I'm experimenting with BufferStrategy. I can run both my screens in full screen exclusive, both vsynching. That is nice.

I'm however experiencing some extremely strange timings, and I wonder if some light can be shed on this.

I first believed that waits for retrace, locking the entire graphics system while this waiting happens. This because the wait() is using the most time. I soon realized that this is obviously the case when the drawing time is less than 1/60 second, as the refresh on my monitor is 60Hz - there aren't enough backbuffers then, and it will halt until the retrace is done and the current show-buffer is freed to begin drawing into.
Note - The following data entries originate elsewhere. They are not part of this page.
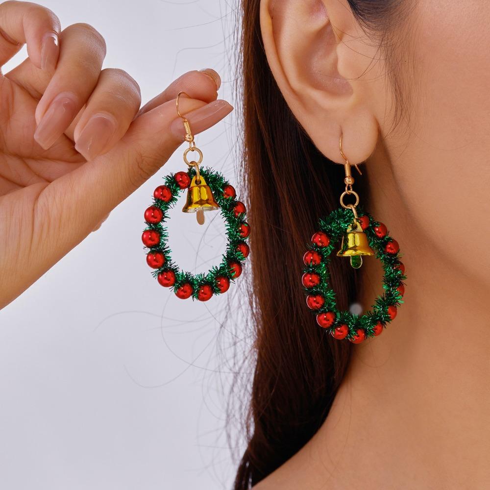 1 пара серег-венков с колокольчиками, серьги-подвески в виде рождественской елки, эстетичные рождественские серьги для девочек
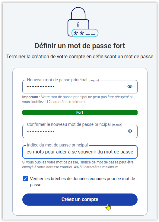 Attention : le champ "Indice du mot de passe principal" sera la seule information que le serveur Bitwarden acceptera de vous fournir si vous déclarez avoir oublié votre mot de passe. "Cela va sans dire mais cela ira mieux en le disant" : ne saisissez pas votre mot de passe dans ce champ mais un indice qui vous permettra de le retrouver !
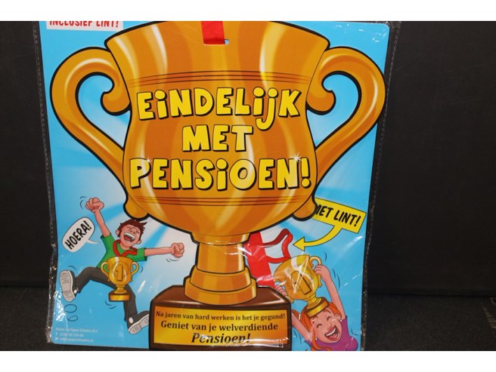 Ik ben met pansioen beker met lint in KR 15, Staat: Nieuw Verzendgewicht: 1.00 Kg.
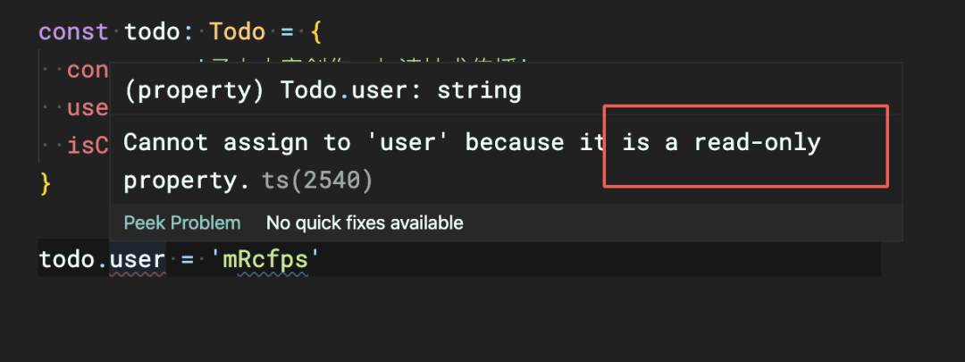 可以看到我们同样使用了 TS 的冒号语法来进行函数参数和返回值的类型定义,因为 message 一般是一个字符串 ID,所以我们给它 string 类型,而这个函数绝不会有返回值,只是单纯的抛出错误,所以我们给返回值一个 never 类型。
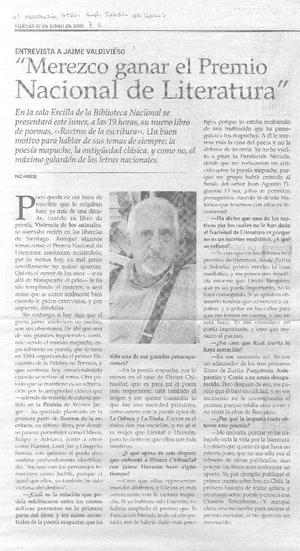Entrevista a Jaime Valdivieso : "Merezco ganar el Premio Nacional de Literatura" [artículo] / Paz Arrese. El Mercurio (Diario : Santiago, Chile)-- jun. 10, 2005, p. 5 (suplemento "Revista de libros") .
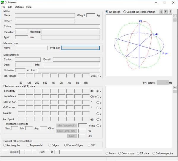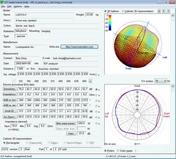 该软件将打开CLF文件并以数字和图形方式显示数据。查看器允许将方向数据显示为彩色 3D 气球、彩色 3D 球体、水平和垂直极线或气球光谱。其他频率相关数据,例如阻抗、Q 等,可以用图形绘制。许多数据项可能有进一步的解释,并且可能包含专用的 pdf 或文本文件。
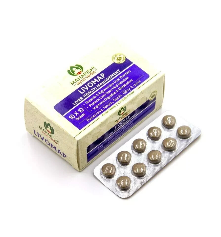 Maharishi Ayurveda Livomap Tablet is a judicious combination of highly effective hepatoprotective herbs that might protect the liver against infection and inflammation. It is clinically tested at AIIMS in providing effective results while managing fatty liver. Key Ingredients: Giloy Punarnava Neem Sonth Key Benefits: Maharishi Ayurveda Livomap is a natural formula made from time-tested herbs and ingredients that has no side effects and is safe for all Livomap is a herbal supplement that might improve gut health It may help in the removal of toxins and stimulating appetite and metabolism Directions For Use: Take 2 tablets twice a day before meals or as advised by the physician.
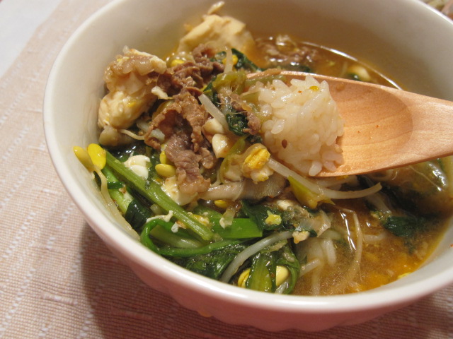 と言う訳で、ユッケジャン風の辛過ぎないスープ。
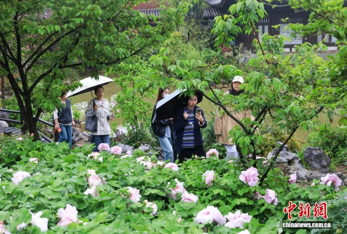 4月12日,位于浙江舟山普陀区的沈院内牡丹花盛开,吸引游人参观打卡。中新社记者 贾天勇 摄
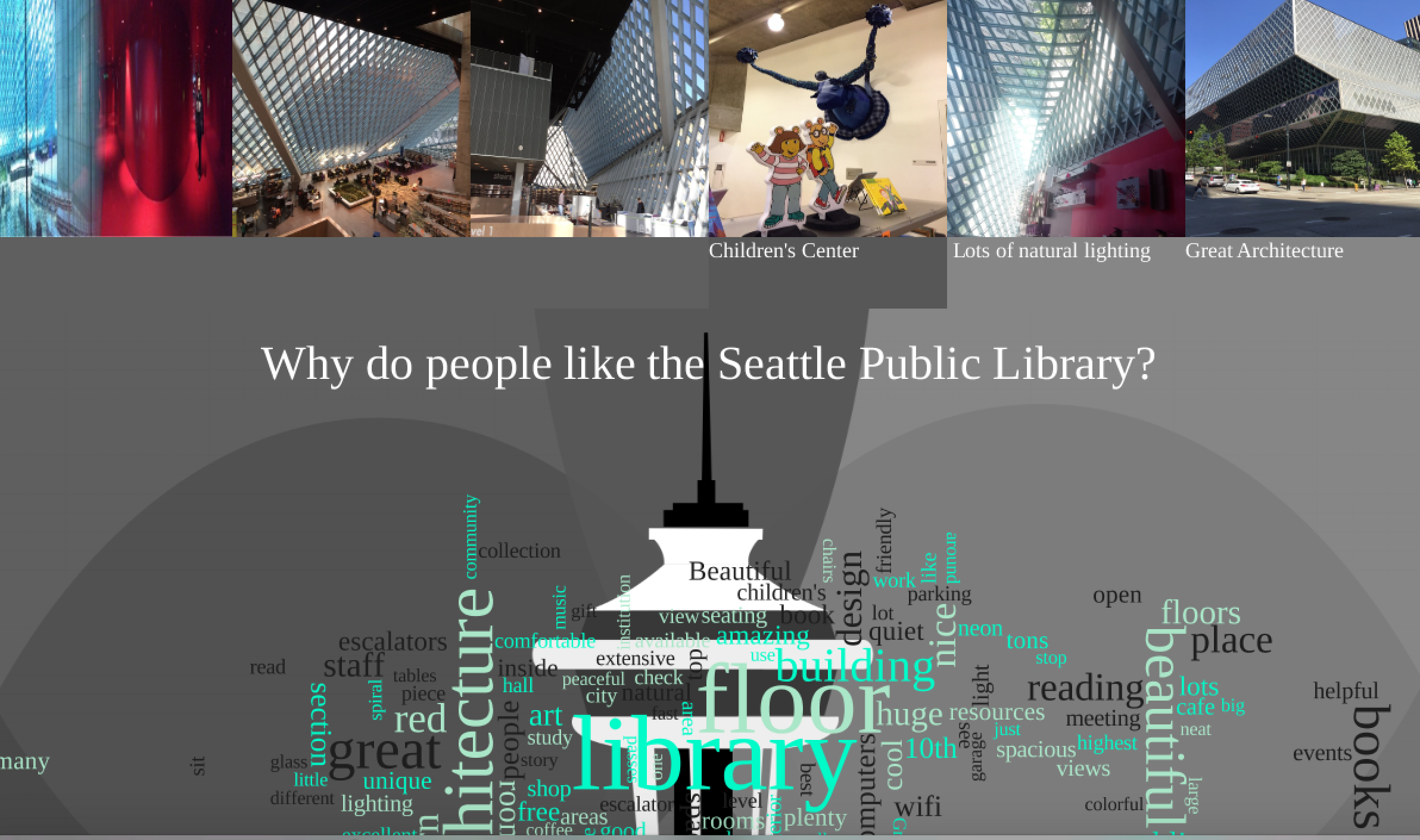 The idea in the visualization is positioning the extracted features and the images around the Seattle Space Needle which is an observation tower in Seattle, Washington, a landmark of the Pacific Northwest, and an icon of Seattle. I positioned the title "Why do people like the Seattle Public Library?" in the middle of the visualization as shown in Fig. . The images were placed above the title. Underneath the title, I positioned the extracted features from the review tags using the library word crammer. The library positions the text and also controls the size of the text by positively correlating it with the number of repetitions in the text corpse. When the visualization process is run, the words start to appear incrementally as seen in the first image in this section. Pressing any number in the range 0-9 will result in changing the images at the top of the visualization so that you can view different images from different users.

But what puzzles me, is that show() is still the most time-consuming operation when the total time between each invocation goes above 16.667 ms, and that this time is proportional with the amount of copies drawn.

I've thus begun wondering whether the new graphics system somehow /schedules/ drawing operations into some pipe, even for VolatileImages, so that my drawing-a-whole-lot-of-copies-of-an-image method return *before* the actual pixels are in place on the destination. The invocation of show() would in that case "flush" this pipeline (as would probably any g.drawImage(someVolatileImage));

I find this rather strange, but this explanation would also cover why I can't seem to get past the flush()-operation's timing by having the flush for each BufferStrategy going in separate threads, and trying to run the drawing thread into separate VolatileImages ("backbuffers"), being copied over into the BS when flush() has finished.

Any info?